DESCRIPTION OF THE TASK: Please quote exactly the lines below from the line containing "5月20日,在西藏自治區(qū)群藝館,觀眾在啟動儀式上參觀中學(xué)生繪畫作品展。新華社記者 旦增尼瑪曲珠 攝" to the line containing "В аналитической системе", both lines included, and nothing else.
** DATA follows **
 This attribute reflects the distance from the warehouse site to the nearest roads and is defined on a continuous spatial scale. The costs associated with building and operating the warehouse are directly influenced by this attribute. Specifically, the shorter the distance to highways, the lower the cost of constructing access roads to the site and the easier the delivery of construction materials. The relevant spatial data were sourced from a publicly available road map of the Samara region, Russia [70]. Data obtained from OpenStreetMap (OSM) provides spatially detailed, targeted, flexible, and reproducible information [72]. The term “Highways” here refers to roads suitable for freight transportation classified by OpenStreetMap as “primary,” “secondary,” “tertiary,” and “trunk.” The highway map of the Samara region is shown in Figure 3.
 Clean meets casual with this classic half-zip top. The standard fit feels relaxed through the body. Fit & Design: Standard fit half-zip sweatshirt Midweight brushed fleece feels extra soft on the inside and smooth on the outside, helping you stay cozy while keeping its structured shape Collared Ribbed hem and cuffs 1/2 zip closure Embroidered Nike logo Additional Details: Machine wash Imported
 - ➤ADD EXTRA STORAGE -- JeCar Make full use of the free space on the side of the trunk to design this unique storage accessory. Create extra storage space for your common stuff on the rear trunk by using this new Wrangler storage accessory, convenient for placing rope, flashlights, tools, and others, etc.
** End of DATA **
** DATA follows **
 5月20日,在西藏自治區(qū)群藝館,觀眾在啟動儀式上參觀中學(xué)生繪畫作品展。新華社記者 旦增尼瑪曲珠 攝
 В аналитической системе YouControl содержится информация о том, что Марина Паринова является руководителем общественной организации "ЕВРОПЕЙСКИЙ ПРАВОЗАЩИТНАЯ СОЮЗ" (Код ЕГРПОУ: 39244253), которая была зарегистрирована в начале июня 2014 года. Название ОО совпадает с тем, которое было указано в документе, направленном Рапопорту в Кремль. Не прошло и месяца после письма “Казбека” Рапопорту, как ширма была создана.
** End of DATA **
ANSWER SECTION:
 5月20日,在西藏自治區(qū)群藝館,觀眾在啟動儀式上參觀中學(xué)生繪畫作品展。新華社記者 旦增尼瑪曲珠 攝
 В аналитической системе YouControl содержится информация о том, что Марина Паринова является руководителем общественной организации "ЕВРОПЕЙСКИЙ ПРАВОЗАЩИТНАЯ СОЮЗ" (Код ЕГРПОУ: 39244253), которая была зарегистрирована в начале июня 2014 года. Название ОО совпадает с тем, которое было указано в документе, направленном Рапопорту в Кремль. Не прошло и месяца после письма “Казбека” Рапопорту, как ширма была создана.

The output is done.